What with social media, why would anyone go to a high school reunion? Especially a 50th one! Well, there’s the web and then there’s face to face, rather than Facebook. The latter is OK for casual updates; in person is real. In the end, I went.
Nearly everyone encouraged me to go. I remained ambivalent. I had positive memories of a hip and inspiring English teacher. I learned to write up lab reports creatively in an advanced physics class. The reports confirmed expected outcomes, despite the experiments failing to do so. That came in handy later in college and for doing budget submissions at work.
Then there were the negatives. I had few friends and didn’t get to know many people well. Teenagers can be cruel, as we all know. But it’s been 50 years. I have grown; the tormenters will have aged and undoubtedly mellowed, I thought. I attended the school only my senior year, living with a brother and his family that took me in after my mother passed away during my sophomore year. We moved from Midland, Michigan to suburban New Jersey so he could commute to a Manhattan office. I didn’t like the move but had no choice in the matter.
In the end, I chose to attend the reunion. How had they all changed? What could they offer me? What could I offer them? Would we inspire, amuse, entertain or confound one another? Which would it be, in the words of Bokonon (from Cat’s Cradle), a granfalloon or a true karass? I assumed the former, but went anyway. To my surprise, it seemed more the latter. Forty or so people showed up, including some spouses that didn’t attend the school. A fair turnout 50 years later. Why did it seem so worthwhile?
The school had a mix of locals and outsiders. Rural kids from the area. Children of NYC commuters. Many who grew up there remain. Most who went to college elsewhere, moved on. Some retired to Florida, only a few, like me, moved far west. They were scarce at the event. I came from New Mexico, others from Colorado and the like.
Everyone was friendly and open. Some humorously recounted their misbehavior fifty years before. Despite the long ago escapades, most had achieved some success in life.

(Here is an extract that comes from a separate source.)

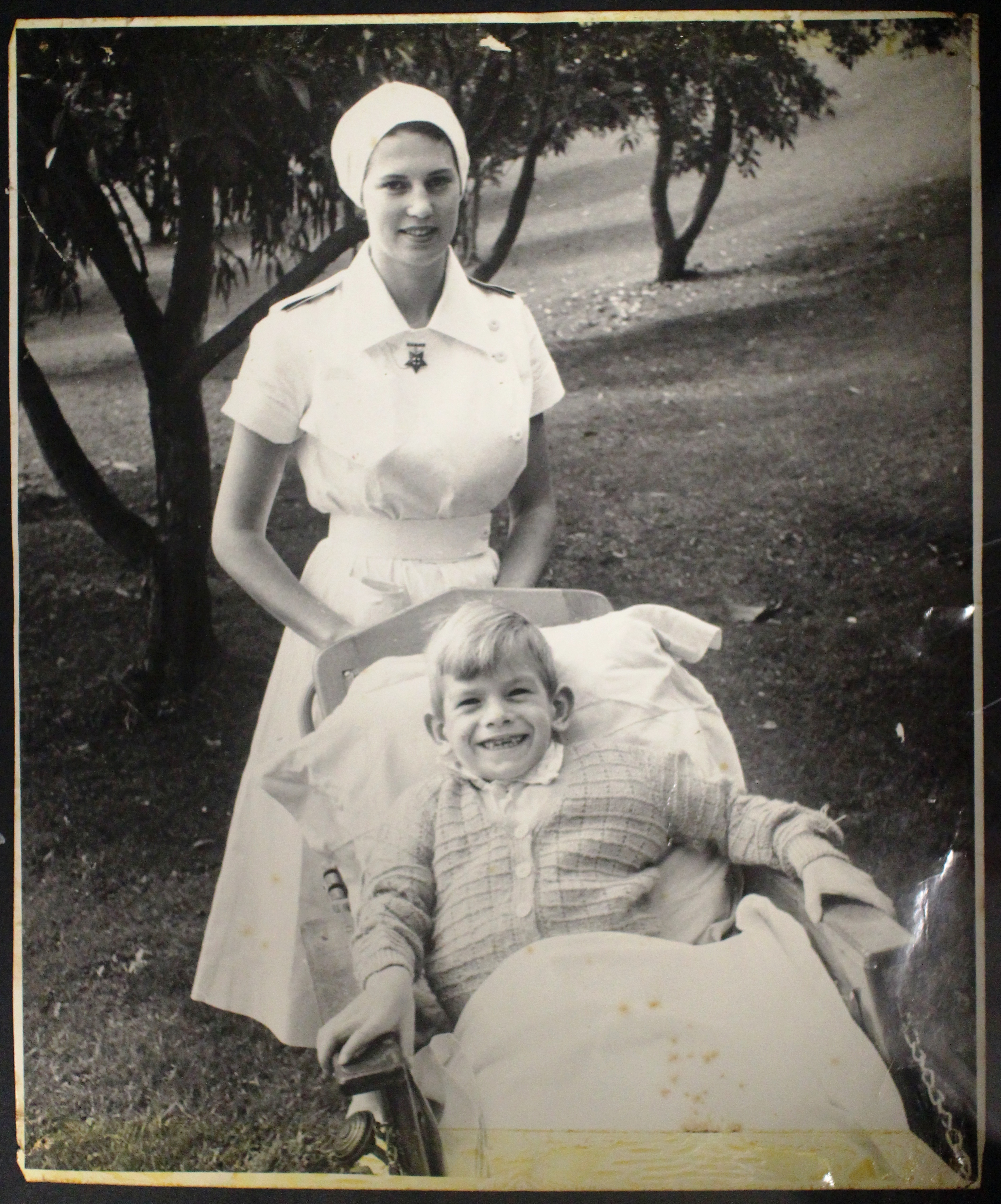 On 29 August 1937 the Wilson Home was opened on Auckland’s North Shore. Mr and Mrs WR Wilson gifted their home and gardens in Takapuna for the benefit of children with disabilities. They had been inspired by ideas about new treatments for children with polio and other crippling conditions. The home provided the children with care, and access to fresh air and sunshine, which were believed to be particularly beneficial. The Wilson Home Trust is a registered charity and Waitemata District Health Board holds title to the site as trustee. Although attitudes to residential care have changed, the Trust still provides rehabilitative therapy, respite care and clinics. A programme of vaccination against polio was introduced in the 1950’s and since 1962 the only cases in New Zealand have been imported. The image shown here is from the Auckland School of Nursing’s photographs, held in Auckland Regional Office - BAOE A717/48e For more information For updates on our On This Day series and news from Archives New Zealand, follow us on Twitter Material from Archives New Zealand

Those who planned and executed the event did well, with few mishaps. We went on a pontoon boat tour along the Intracoastal Waterway, past the homes of some rich and famous who have winter homes in Jupiter Beach. Here’s a photo of a few of us older folks on the boat. I’m in the center, before my successful diet of 2017.

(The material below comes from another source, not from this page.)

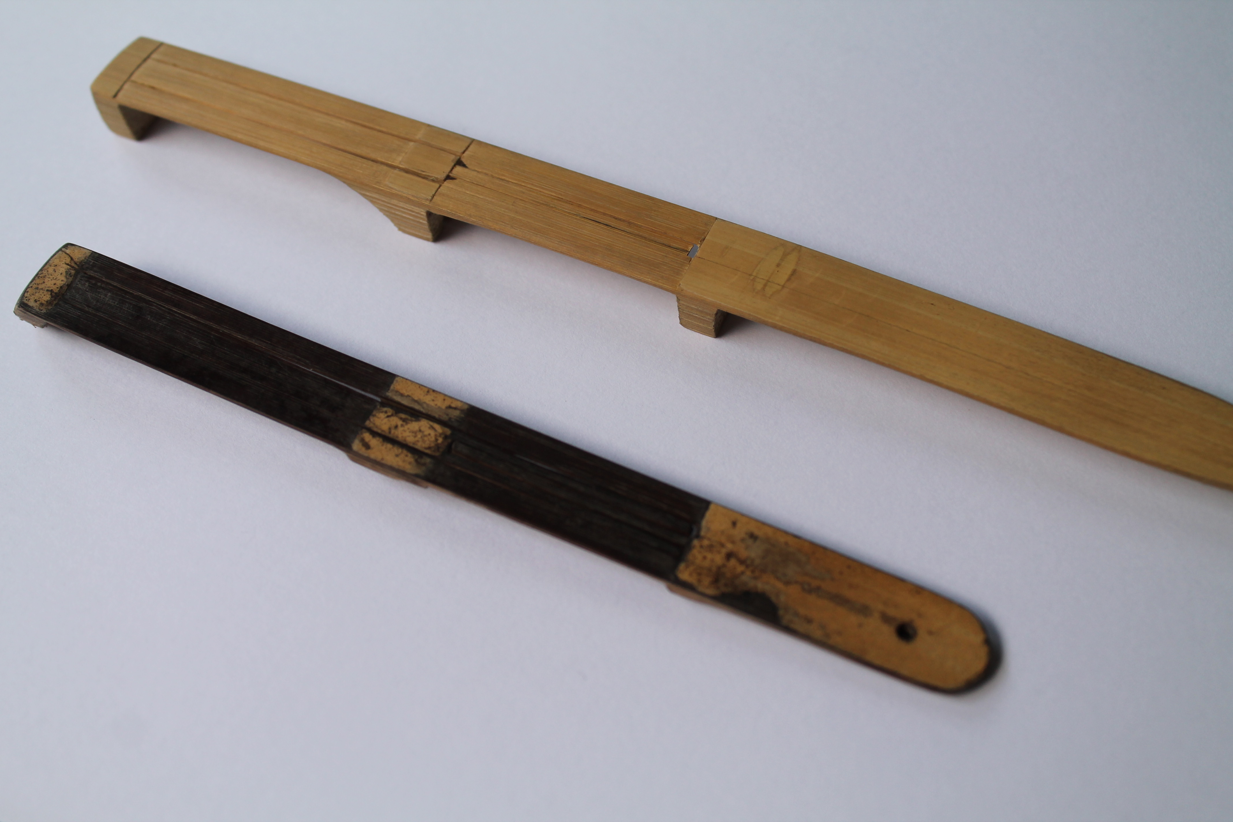 Two karindings of West Java, Indonesia. long: made of bamboo, short: made of palm midrib.

Try as I might, I couldn’t recall who among them had troubled me back then. They might have been attendees or not. As could be expected, time smoothed out the wrinkles of life and added them to faces. I had the opportunity to share my book, Waiting for Westmoreland, with a few and told others how writing had become my retirement avocation. In a weekend, I learned more of the people than I had in a year so long ago. I am glad that I did. We had laughs, good conversation and more. I had few friends then; I have more now.